**Records for this task**
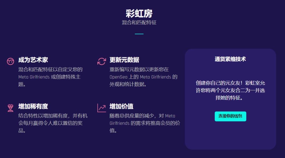 彩虹房,意思就是將2個元女友放進(jìn)去,最后混合一個新的出來。按照官網(wǎng)的解釋,這能夠徹底減少元女友的總量,并隨著時間推移增加總體的價值。
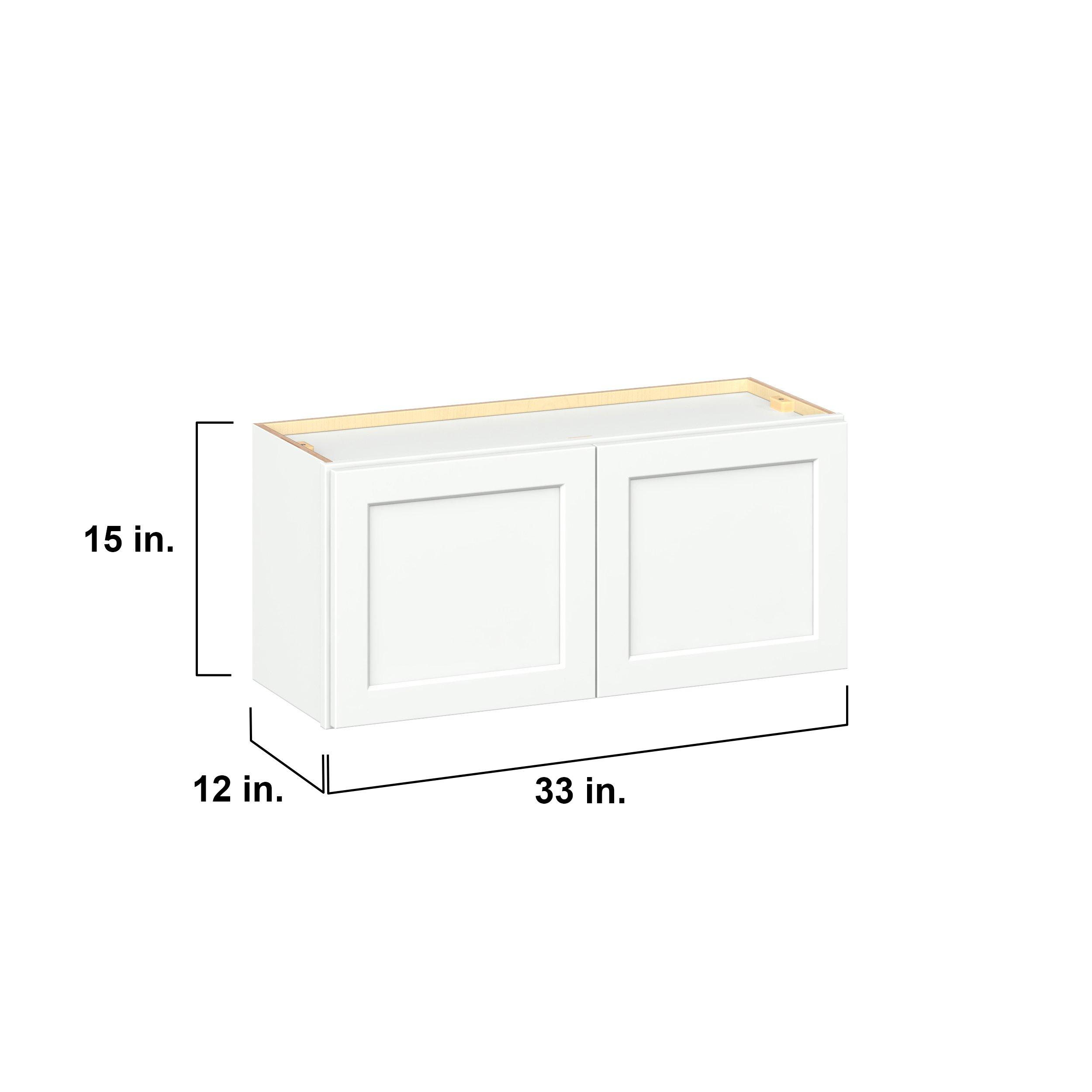 Embrace the timeless charm of the Baxley classic shaker door style. Studio Design Collection Baxley 33 in. Painted Pure White Bridge Wall Cabinet features all plywood construction, offering both superior strength and sophistication to your space. Featuring 5-piece MDF doors and dovetail drawer joints, these cabinets offer durability and elegance. Baxley classic shaker door style is designed to retain its stunning appearance and withstand the test of time.
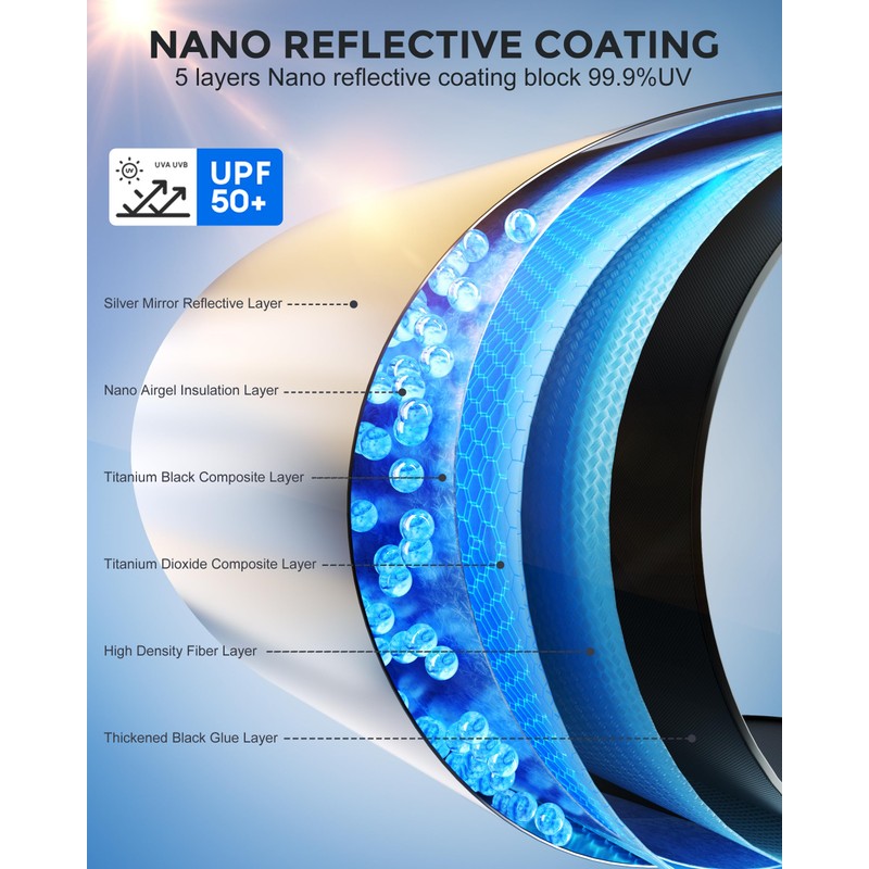- [UPF50+ Ice Crystal Nano Technology] — Innovative double-layer hollow layer cold reflection technology, with over 5000 cold nano molecular crystal tubes on the fiber surface. Make it have super strong reflection and heat dissipation performance. It always keep your car cooler and protect your car from fading and cracking.
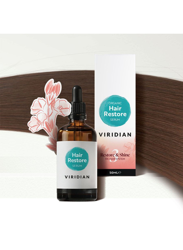 Viridian Hair Restore Serum je směsí jemných organických rostlinných olejů ze semen, které byly pečlivě lisovány za studena, aby si zachovaly svou nutriční kvalitu. Jsou doplněné o organické esenciální oleje destilované z čerstvých bylin, včetně rozmarýnu a levandule. Vyživující kombinace arganového, pupalkového a světlicového oleje přispívá k lesku a zářivosti vlasů. Toto lehké, nemastné složení proniká hluboko do vlasů, doplňuje hydrataci, pomáhá opravovat poškození a zvýrazňuje přirozený lesk vlasů.
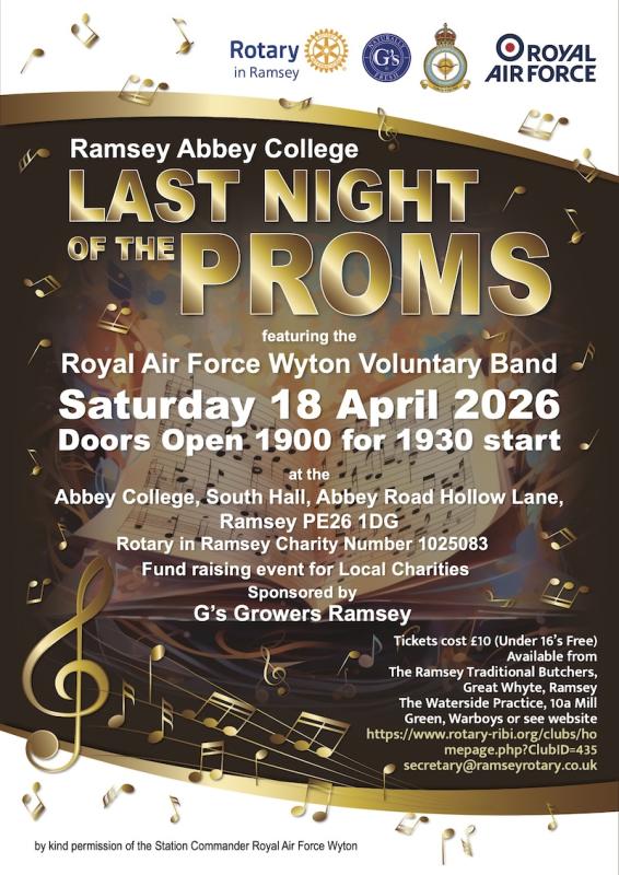 Tickets remain priced at £10 (Under 16's are FREE) and will be available from any Rotary in Ramsey member; Ramsey Traditional Butchers, Great Whyte, Ramsey and The Waterside Practice, 10a Mill Green, Warboys.
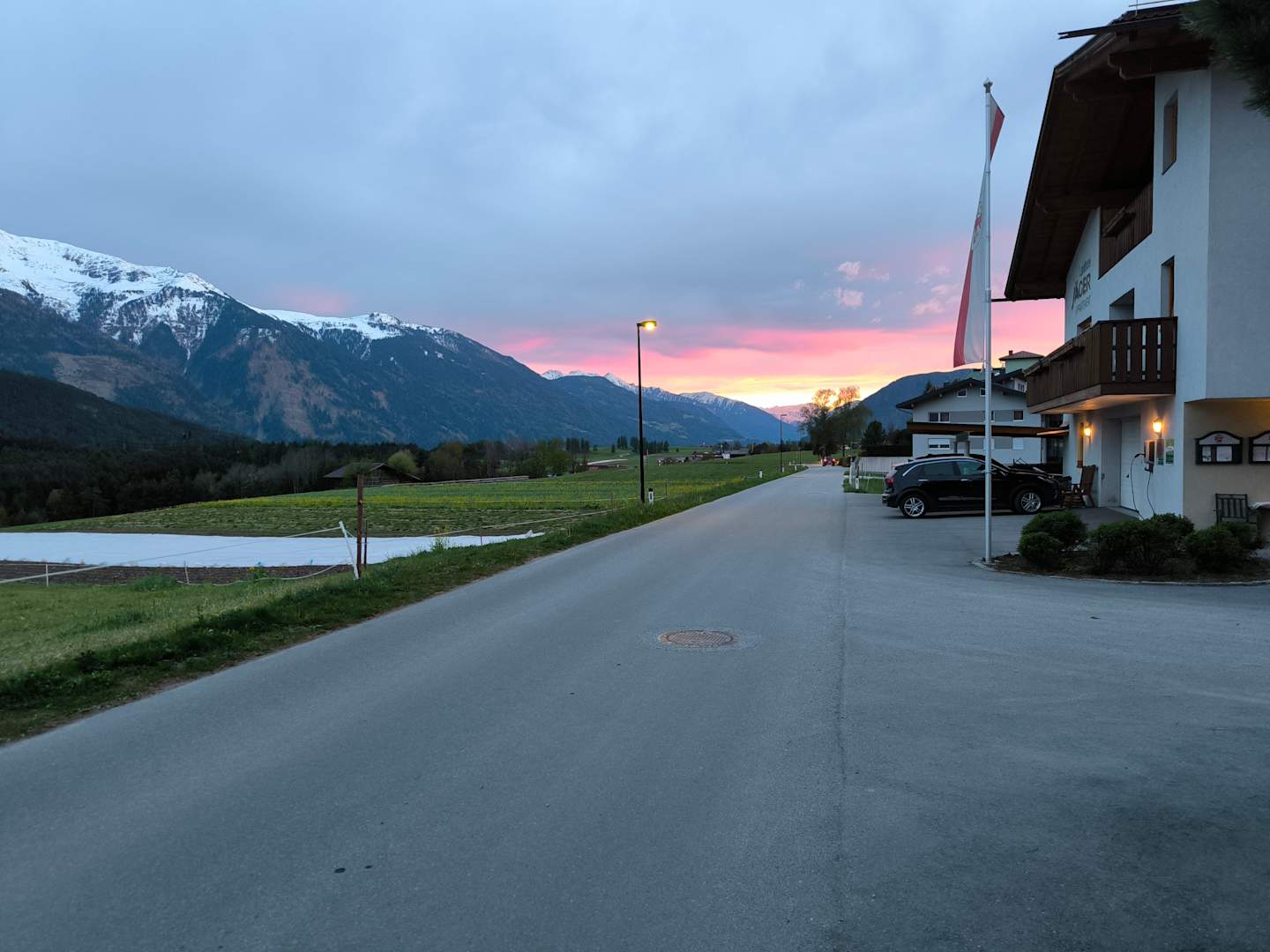 Straße vor dem Hotel am Abend.
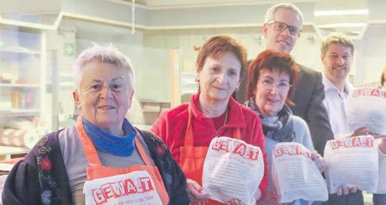 BÜRSTADT–DieBrötchentütenaktion„Gewaltkommtmir nichtindieTüte”fandnachdem AuftaktbeiderTafelinLampertheimamDienstagbeiderTafel BürstadtihreFortsetzung:BürgermeisterinBarbaraSchaderund LandratChristianEngelhardt stattetendemTafel-TeamgemeinsammitderGleichstellungsbeauftragtenderStädteBürstadt, GerasimoulaGrigoraki,undder Frauen-undGleichstellungsbeauftragtendesKreises,Nicole Schmitt,einenBesuchabund informiertenüberdieseswichtige Thema.DenndieGewaltgegen FrauenundauchMädchennimmt leidernichtab–umsowichtiger istes,diesenichtzutabuisieren sonderninvielfältigerArtund Weisedaraufaufmerksamzu
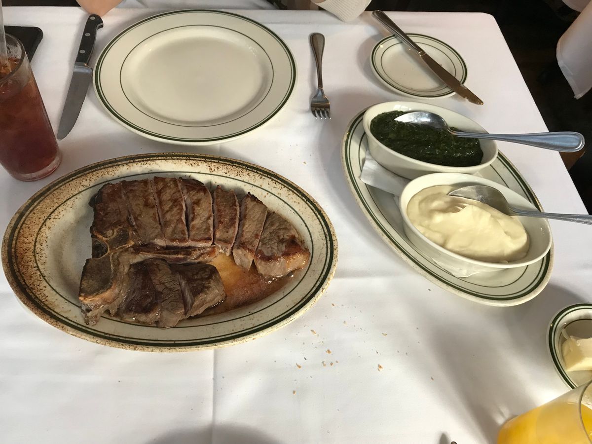 周りの単品注文をしているお客の中には、お肉以外のボリューミーなサイドメニューが次々にテーブルに並べられて言葉を失っている家族やTボーンステーキが運ばれた頃には彼女がお腹いっぱいになっていてお肉がお持ち帰りボックス行きとなってしまったカップルなど…

**Problem details**
Each line from the top of the material through the line containing "Viridian Hair Restore" should be reproduced exactly; please drop any images.

**Exercise result**
 彩虹房,意思就是將2個元女友放進(jìn)去,最后混合一個新的出來。按照官網(wǎng)的解釋,這能夠徹底減少元女友的總量,并隨著時間推移增加總體的價值。
 Embrace the timeless charm of the Baxley classic shaker door style. Studio Design Collection Baxley 33 in. Painted Pure White Bridge Wall Cabinet features all plywood construction, offering both superior strength and sophistication to your space. Featuring 5-piece MDF doors and dovetail drawer joints, these cabinets offer durability and elegance. Baxley classic shaker door style is designed to retain its stunning appearance and withstand the test of time.
- [UPF50+ Ice Crystal Nano Technology] — Innovative double-layer hollow layer cold reflection technology, with over 5000 cold nano molecular crystal tubes on the fiber surface. Make it have super strong reflection and heat dissipation performance. It always keep your car cooler and protect your car from fading and cracking.
 Viridian Hair Restore Serum je směsí jemných organických rostlinných olejů ze semen, které byly pečlivě lisovány za studena, aby si zachovaly svou nutriční kvalitu. Jsou doplněné o organické esenciální oleje destilované z čerstvých bylin, včetně rozmarýnu a levandule. Vyživující kombinace arganového, pupalkového a světlicového oleje přispívá k lesku a zářivosti vlasů. Toto lehké, nemastné složení proniká hluboko do vlasů, doplňuje hydrataci, pomáhá opravovat poškození a zvýrazňuje přirozený lesk vlasů.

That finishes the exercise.